* **Work required**
Your job is to set down the stretch of entries that opens with the line containing "可自由品尝当地特色春川铁板鸡。" and closes with the line containing "2. Evento Específico: Abra". Keep both end lines, copy each exactly, and add nothing.

* **Data shown**
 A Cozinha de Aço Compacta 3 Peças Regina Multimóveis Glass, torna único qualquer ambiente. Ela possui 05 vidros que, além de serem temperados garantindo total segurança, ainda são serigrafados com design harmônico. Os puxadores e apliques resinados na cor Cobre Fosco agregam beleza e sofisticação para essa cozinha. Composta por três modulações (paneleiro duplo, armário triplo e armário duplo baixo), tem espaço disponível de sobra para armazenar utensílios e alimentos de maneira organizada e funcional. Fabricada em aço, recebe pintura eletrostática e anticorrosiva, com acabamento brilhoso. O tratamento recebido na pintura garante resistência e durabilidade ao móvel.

--

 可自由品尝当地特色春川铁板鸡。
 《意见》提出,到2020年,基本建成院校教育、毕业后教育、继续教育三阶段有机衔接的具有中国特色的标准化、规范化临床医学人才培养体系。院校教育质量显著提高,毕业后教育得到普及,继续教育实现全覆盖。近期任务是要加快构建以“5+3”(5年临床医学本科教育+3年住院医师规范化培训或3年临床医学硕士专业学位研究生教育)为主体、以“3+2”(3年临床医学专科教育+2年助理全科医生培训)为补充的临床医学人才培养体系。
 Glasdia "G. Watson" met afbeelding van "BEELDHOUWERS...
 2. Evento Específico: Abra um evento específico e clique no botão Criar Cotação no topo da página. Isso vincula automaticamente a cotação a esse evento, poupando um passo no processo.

---

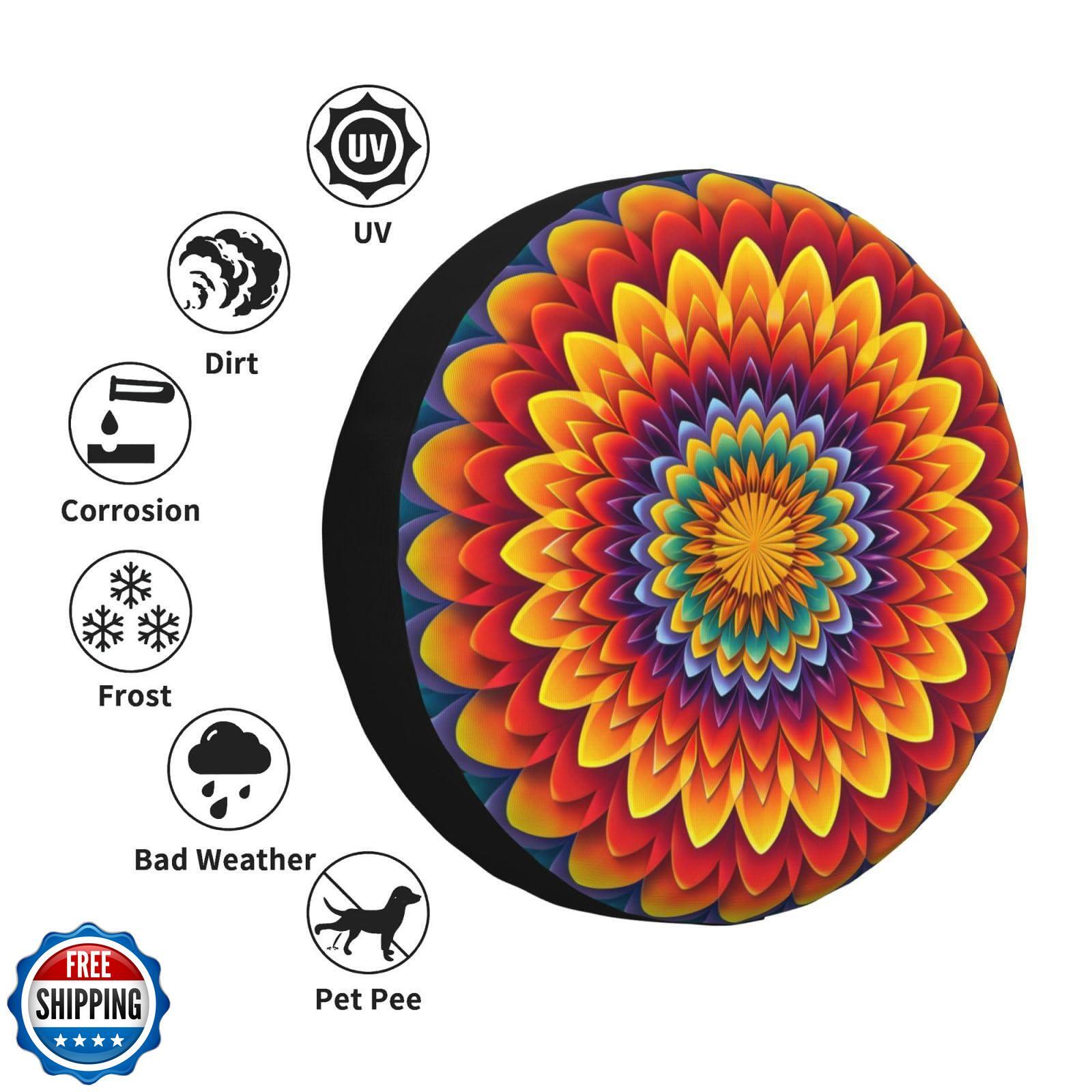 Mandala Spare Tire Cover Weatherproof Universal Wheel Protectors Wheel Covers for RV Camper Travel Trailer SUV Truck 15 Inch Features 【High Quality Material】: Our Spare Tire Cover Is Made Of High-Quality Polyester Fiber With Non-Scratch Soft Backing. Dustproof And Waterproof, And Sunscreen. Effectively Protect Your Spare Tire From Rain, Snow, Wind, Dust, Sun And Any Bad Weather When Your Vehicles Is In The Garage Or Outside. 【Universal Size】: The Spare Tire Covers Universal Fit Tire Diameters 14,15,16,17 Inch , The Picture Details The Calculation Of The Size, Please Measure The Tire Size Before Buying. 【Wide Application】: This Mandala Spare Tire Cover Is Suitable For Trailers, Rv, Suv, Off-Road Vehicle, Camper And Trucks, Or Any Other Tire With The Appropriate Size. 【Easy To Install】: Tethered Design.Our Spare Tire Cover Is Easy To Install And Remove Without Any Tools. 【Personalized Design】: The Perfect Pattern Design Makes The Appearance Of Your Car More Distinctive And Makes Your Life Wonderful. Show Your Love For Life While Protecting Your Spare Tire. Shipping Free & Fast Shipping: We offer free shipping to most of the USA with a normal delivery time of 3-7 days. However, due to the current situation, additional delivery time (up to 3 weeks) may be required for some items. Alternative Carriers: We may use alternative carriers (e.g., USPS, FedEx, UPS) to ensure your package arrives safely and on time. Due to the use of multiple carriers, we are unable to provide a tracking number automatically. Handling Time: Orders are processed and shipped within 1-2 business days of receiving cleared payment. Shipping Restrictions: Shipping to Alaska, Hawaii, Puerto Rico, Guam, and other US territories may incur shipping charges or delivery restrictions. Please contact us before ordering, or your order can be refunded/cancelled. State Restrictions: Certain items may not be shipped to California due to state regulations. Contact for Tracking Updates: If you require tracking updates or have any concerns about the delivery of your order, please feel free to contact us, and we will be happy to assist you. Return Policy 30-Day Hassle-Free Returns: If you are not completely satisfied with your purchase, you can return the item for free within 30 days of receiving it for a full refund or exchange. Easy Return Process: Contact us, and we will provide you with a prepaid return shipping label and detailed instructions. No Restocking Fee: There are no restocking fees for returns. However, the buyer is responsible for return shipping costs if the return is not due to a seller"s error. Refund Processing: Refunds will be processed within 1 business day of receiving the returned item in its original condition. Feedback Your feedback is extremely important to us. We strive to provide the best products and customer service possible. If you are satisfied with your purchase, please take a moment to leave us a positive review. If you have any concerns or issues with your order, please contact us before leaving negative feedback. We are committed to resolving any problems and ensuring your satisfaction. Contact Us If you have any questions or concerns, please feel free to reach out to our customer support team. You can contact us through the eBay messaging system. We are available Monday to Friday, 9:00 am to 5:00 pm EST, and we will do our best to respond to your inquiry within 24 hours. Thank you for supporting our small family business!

* **Task output**
 可自由品尝当地特色春川铁板鸡。
 《意见》提出,到2020年,基本建成院校教育、毕业后教育、继续教育三阶段有机衔接的具有中国特色的标准化、规范化临床医学人才培养体系。院校教育质量显著提高,毕业后教育得到普及,继续教育实现全覆盖。近期任务是要加快构建以“5+3”(5年临床医学本科教育+3年住院医师规范化培训或3年临床医学硕士专业学位研究生教育)为主体、以“3+2”(3年临床医学专科教育+2年助理全科医生培训)为补充的临床医学人才培养体系。
 Glasdia "G. Watson" met afbeelding van "BEELDHOUWERS...
 2. Evento Específico: Abra um evento específico e clique no botão Criar Cotação no topo da página. Isso vincula automaticamente a cotação a esse evento, poupando um passo no processo.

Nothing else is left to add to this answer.